Alternate surfaces had disadvantages: stone cobbles were expensive to shape and transport because they were not always available locally, especially in the Great Plains. The same can be said about gravel (with the additional work of crushing stone to make it!)
Virgil Gates and Mordecai Levi were granted a patent (No. 285,746) in 1883 for their "Steet Pavement" method of building brick pavement roads:
The object of this invention is to provide, from certain cheap materials that are common to all sections of the country, and without the use of skilled or high-priced labor, a good and durable street-pavement... and at a cost so low that small towns, as well as large and wealthy cities, can be able to avail themselves of the advantages and comforts afforded by well paved streets. US Patent 285,746 (1883)
Levi and Gates estimated a cost of 72 cents per square yard ($21 in 2022 values), so one mile of a 16-foot-wide highway would have cost in current values around $197,000.
Adoption of Brick Paving
Bricks were easy to produce locally, light, easy to transport. They provided a good road surface and they quickly became popular in the late 1800s and early 1900s for paving streets in urban settings and highways.
Early Brick-paved Streets along Future Route 66
Bloomington Illinois, 1877
The city of Bloomington Illinois claims to be the first town in Illinois to pave streets in brick and this took place back in 1877, six years before Levi & Gates patent.

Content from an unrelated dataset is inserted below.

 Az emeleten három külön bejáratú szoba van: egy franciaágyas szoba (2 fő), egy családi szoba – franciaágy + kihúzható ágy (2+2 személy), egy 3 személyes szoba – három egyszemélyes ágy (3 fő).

There is a marker next to the old McLean County Courthouse building, on the NE corner of N Central St. (the 1926-40 Route 66) and Washington St. with the inscription: "First brick pavement in the United States Innovation to modern highways Installed 1877 by Napoleon B. Heafer. his plaque set in original paving brick and presented to the City of Bloomington May 11, 1968, by Bloomington Junior High School students."

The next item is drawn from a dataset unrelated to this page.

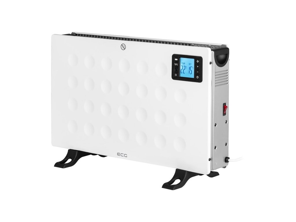 Teplovzdušný konvektor ECG TK 2080 DR White vám dopraje príjemné teplo v obývačke, spálni alebo kancelárii. Plynule nastaviteľný termostat zaistí teplotu od 5 °C do 37 °C. Vaše potreby budú tak uspokojené. V chladných zimných dňoch využite program temperovania teploty. Nestane sa, že by ste prišli do vymrznutej miestnosti. Vďaka tomuto programu nespotrebujete, ani viac energie na vykurovanie. Všetky vaše požiadavky nastavíte na LCD displeji alebo pohodlne pomocou diaľkového ovládača. Ďalším veľkým plusom je časovač na 24 hodín. Sami navolíte, kedy sa má prístroj vypnúť. Manipuláciu uľahčia praktické madlá na krajoch. Skvelú stabilitu zaistia veľké nohy a tak nebude hroziť prevrátenie. Nemusíte sa báť konvektor umiestniť ani do spálne. Jeho prevádzka je tichá a bezpečná. Hlučnosť nepresiahne 45 dB(A).

However, this marker is incorrect; the first brick-paved street in the US was Summers St in Charleston, West Virginia, in 1873; Mordecai Levi paved one block with bricks (1).
"Get Illinois out of the mud"
The first rural brick road in Illinois was built in 1901, close to Monmouth by Brodine & Dugan at a cost of $1.2 per lineal foot with a total length of 2,000 feet (2)(3).
Homer J. Tice, a farmer from Greenview IL, and representative in Illinois' lower house began introducing highway bills in 1893, but only in 1911 did he succeed with his "uniform system for automobile licenses", this served to fund the permanent improvement of hard roads (one state tax that replaced municipal taxes and that was used to improve roads). In 1913 he introduced the first State aid law of 1913, known as the Tice law (4).
Tice Act shifted the responsibility for the road system from the township to the county and required permanent roads and these were naturally built with bricks, due to the effective lobbying by Illinois brick manufacturers.
This can be seen in the road building for 1915 under the state-aid system: 20% were brick, 50% concrete, 20% were dirt and 10% were macadam, asphalt or gravel (5).
Road Building technology using bricks
Road Construction with bricks
The first brick roads were laid on the soil with a sand cushion beneath the bricks and sand-filled joints. This was inadequate because water passed in between the bricks through the sand joints, loosened the sand bed below and was absorbed by the soil, softening it.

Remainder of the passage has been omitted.